:: WORK REQUEST ::
With the pictures omitted, write out all of the listing exactly.

:: COLLECTED DATA ::
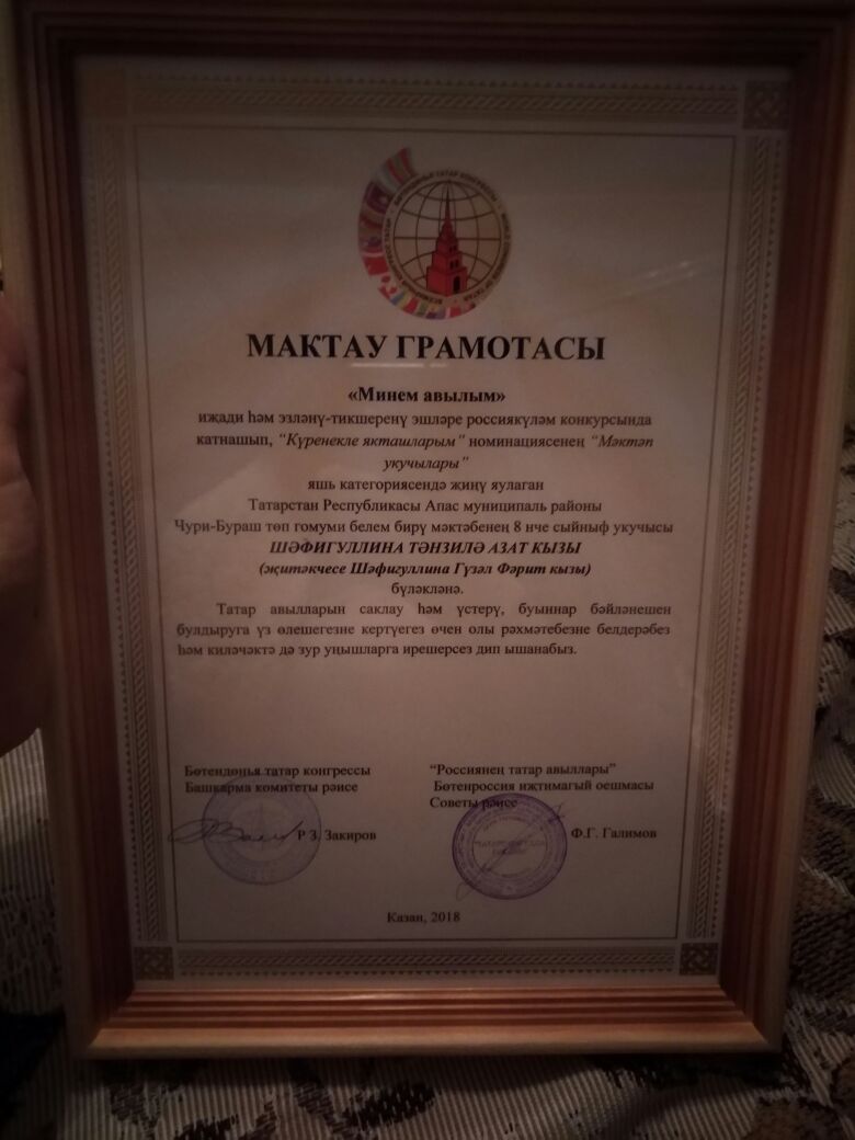 2018 елның 1 мартында Шәфигуллина Тәнзилә Казан шәһәрендә “Минем авылым” иҗади һәм эзләнү- тикшеренү эшләре россиякүләм конкурсында катнашып “Күренекле якташларым” номинациясенең “Мәктәп укучылары” яшь категориясендә җиңү яулап Мактау грамотасы белән бүләкләнде. Киләчәктә дә уңышлар сезгә!
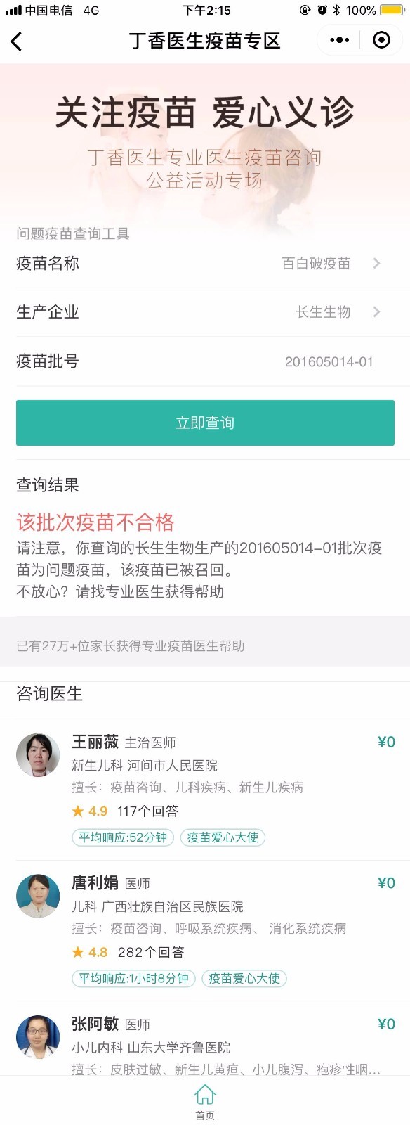 该功能上线仅1分钟,就有一位来自河北的用户,选择了秦皇岛市第一医院小儿内科主治医师曹医生进行了咨询。“孩子打的不是问题批次的疫苗,但都是同一家公司的,会不会也有问题?有什么检查可以验证疫苗是否有效吗?”
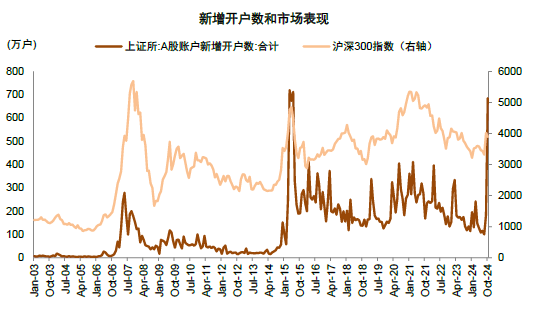 图表7:10月上交所A股新增开户数反弹至685万户,为历史单月第三高的水平

:: TASK RESULT ::
 2018 елның 1 мартында Шәфигуллина Тәнзилә Казан шәһәрендә “Минем авылым” иҗади һәм эзләнү- тикшеренү эшләре россиякүләм конкурсында катнашып “Күренекле якташларым” номинациясенең “Мәктәп укучылары” яшь категориясендә җиңү яулап Мактау грамотасы белән бүләкләнде. Киләчәктә дә уңышлар сезгә!
 该功能上线仅1分钟,就有一位来自河北的用户,选择了秦皇岛市第一医院小儿内科主治医师曹医生进行了咨询。“孩子打的不是问题批次的疫苗,但都是同一家公司的,会不会也有问题?有什么检查可以验证疫苗是否有效吗?”
 图表7:10月上交所A股新增开户数反弹至685万户,为历史单月第三高的水平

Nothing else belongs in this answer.